Book Review: Juliet, Naked

For better or worse, I have spent an ample amount of time in online forums over the past 10 years. I have gotten into arguments about soccer, music television, you name it. I have even met some very good friends and alienated other people simply through online communication.

So I had some sort of expertise heading into Nick Hornby‘s latest novel, Juliet, Naked, the final book I read in 2009. The book focuses initially on the obsession with a musician by a small group of people connected only through the Internet and their common interest. We learn about this fascination with singer/songwriter Tucker Crowe mainly through the eyes of Annie, who lives with Duncan, the most obsessed Crowe fan out there.

If you have read the book and think this notion of people arguing over minutiae through message boards and developing grudges through said arguments is a bit silly, let me correct you. Hornby nailed this kind of community perfectly. Combine this new kind of social interaction with his clear understanding of musical obsession, and you have the return of the Nick Hornby who thrilled readers back in the 1990s.

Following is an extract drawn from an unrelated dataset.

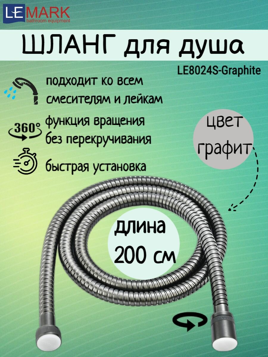 Душевой шланг Lemark LE8024S-Graphite Графит
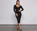 Make a dramatic entrance in our stunning Addison midi dress! She features long fitted sleeves. a wired notch front V neckline. a high waist. and a mid-length. curve-hugging silhouette with a sultry back slit. Pair this dress with a rhinestone choker necklace for a glam factor.

He really had a great run in fiction with High Fidelity and About a Boy. Both were turned into movies, as was his non-fiction tome on soccer obsession Fever Pitch, although that was bastardized once in the U.S. by adapting the topic to baseball, a second time by focusing on the Boston Red Sox and a third time with Jimmy Fallon playing the lead role.

While all this was going on, Hornby wrote two novels which did not do as well, How to Be Good and A Long Way Down. I enjoyed each for the daring steps he took, first writing from a female point of view, then through a series of rotating narrators. He also has written a bunch of non-fiction and a young adult novel.

Juliet, Naked (the title refers to an album by Tucker Crowe) signals that through all that work, Hornby still has the voice and vision which made him a star in the first place. He really understands the way people tick and the role music plays in our lives. Duncan thinks songs and moments can only have one meaning, but Annie lets us know there is much more grey out there. That leaves us the opportunity to provide our own color and texture instead of just accepting the view of someone who says they know best for the rest of us.

In this day and age when we all communicate so much through the Internet and hears o many people telling us they know best, we all need to remember Annie’s lesson.